Marion was a courageous fighter for the rights of the disenfranchised and downtrodden, especially in the Middle East as well as an analyst of important political, social and economic movements in the region. She worked tirelessly for many years in support of the projects sponsored by Near East Cultural and Educational Foundation concerned with Palestinian rights and then as its president. In that context Marion organized a series of annual lectures in memory of Prof. James Graf, the founder of NECEF, that brought a number of important speakers to Toronto, including among others: Daniel Ellsberg, famous as the person responsible for the leak of the Pentagon Papers, but who was also involved in antiwar activism related to Iraq and Iran; John Mearsheimer, the American political scientist at the University of Chicago who was concerned with the Israel Lobby and it impact on US foreign policy; and Mustafa Barghouti, a Palestinian legislator and leader of a Palestinian national initiative whom she helped to host in collaboration with Canadians for Justice and Peace in the Middle East.
In addition to the publication of her revised PhD thesis, she co-edited a volume, Migration, Refugees and Human Security in MENA (2018), and published numerous articles, Marion had been researching the history of the fabled American Colony Hotel in Jerusalem, a gathering place for diplomats, journalists, academics, tourists, and others-and thus a focal point of history, perhaps even intrigue, in the region! This would have been a fascinating read had Marion been able to complete it. Most regrettably, this work, given events in the Middle East, her academic schedule, and now her passing, will not be brought to fruition.

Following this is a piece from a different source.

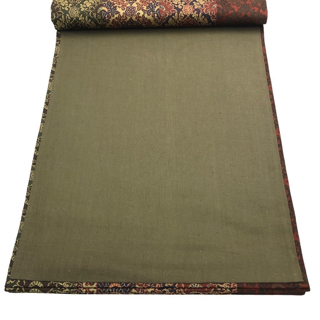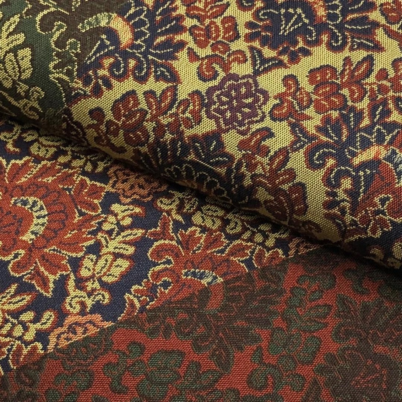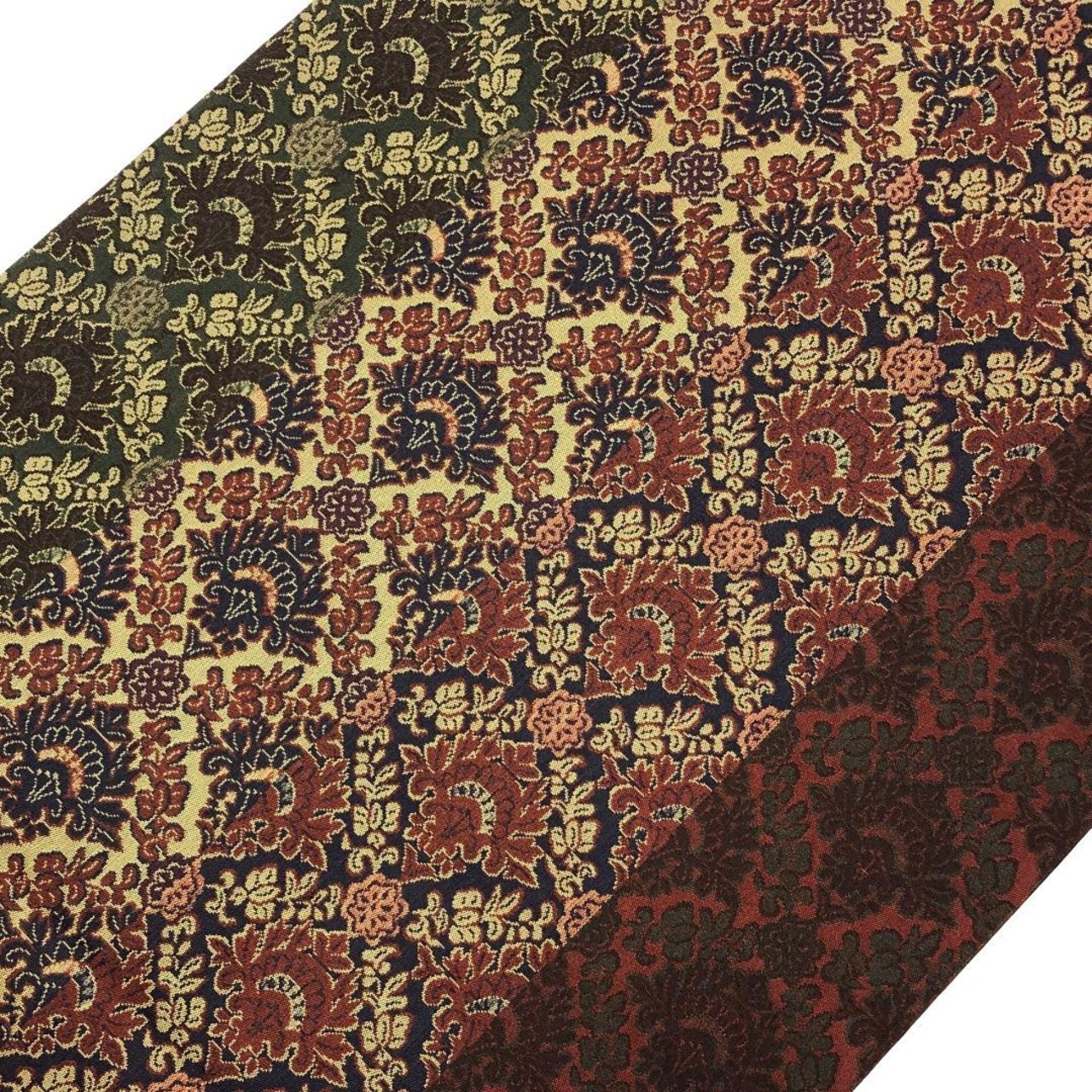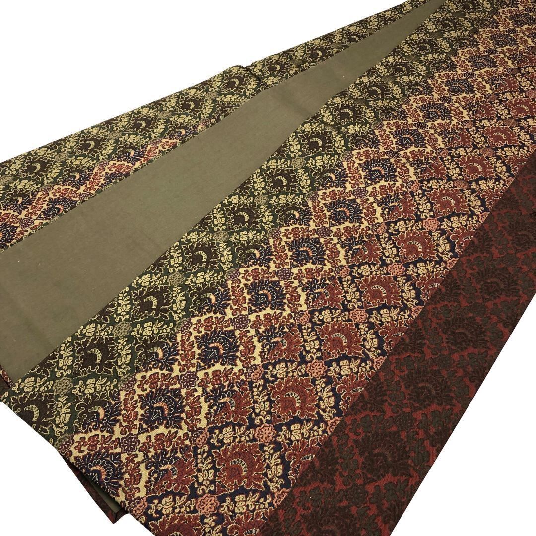 落ち着いた雰囲気のお色味に斜め格子に華柄模様の柄裄がデザインされた素敵なお品でございます。
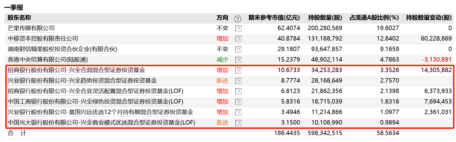 Wind数据显示,截至今年一季度末,芒果超媒前十大流通股东中共有六只公募基金的身影。其中谢治宇管理的兴全合润、兴全趋势、兴全合宜三只基金共计持有8428.54万股,占流通股比例达8.25%。邹欣管理的兴全绿色投资持有1871.5万股;林庆管理的富国兴远优选12个月持有1121.49万股;乔迁管理的兴全商业模式持有1010.9万股。其中,兴全趋势、兴全商业模式均为一季度新进的前十大股东。

I remember Marion as a thoughtful, kind-hearted friend, intellectually and actively engaged in the issues of the day while putting her many talents to use to promote a more just and peaceful Middle East region and world.
Van Nguyen-Marshall
April 23, 2022
Marion was a popular professor and a generous colleague at Trent. She will be missed. My deep sympathies for her family and friends.
James Reilly
April 21, 2022
I met Marion in the late 1980s when she arrived at the University of Toronto with her MA in hand from the University of London. She had completed her MA thesis on the Islamist movement in Tunisia. I supervised her PhD dissertation on the Muslim Brotherhood in Jordan, which she completed in 1996. She published a revised version a few years later titled The Muslim Brotherhood and the Kings of Jordan, 1945-1993. It was the first full-length study of the subject in international scholarship. In the meantime, Marion had gotten a teaching job at the University of Nebraska, before moving to Trent University where she spent the rest of her career. She was a dedicated and respected teacher, a pioneer who offered remote learning courses before they became ubiquitous, and she continued publishing on topics of Islamism and of human rights. Her last publication (2018) was a co-edited book titled Migration, Refugees, and Human Security in MENA. Marion was organizationally active in the 2000s as head of the Near East Cultural and Educational Foundation (NECEF), a Canadian association dedicated to Palestinian rights. I knew her as a colleague with wide-ranging interests, a sense of adventure, and dedication to the well-being of people in the Middle East and around the world.
Janet Miron
April 21, 2022
My sincerest condolences to all of Marion's friends and family.
Jennine Hurl-Eamon
April 21, 2022
The History Department at Trent heard this news with very heavy hearts. We will really miss Marion and our thoughts go out to her family, her students, and her colleagues around the world. As the Chair of the department, I offer our sincerest sympathies.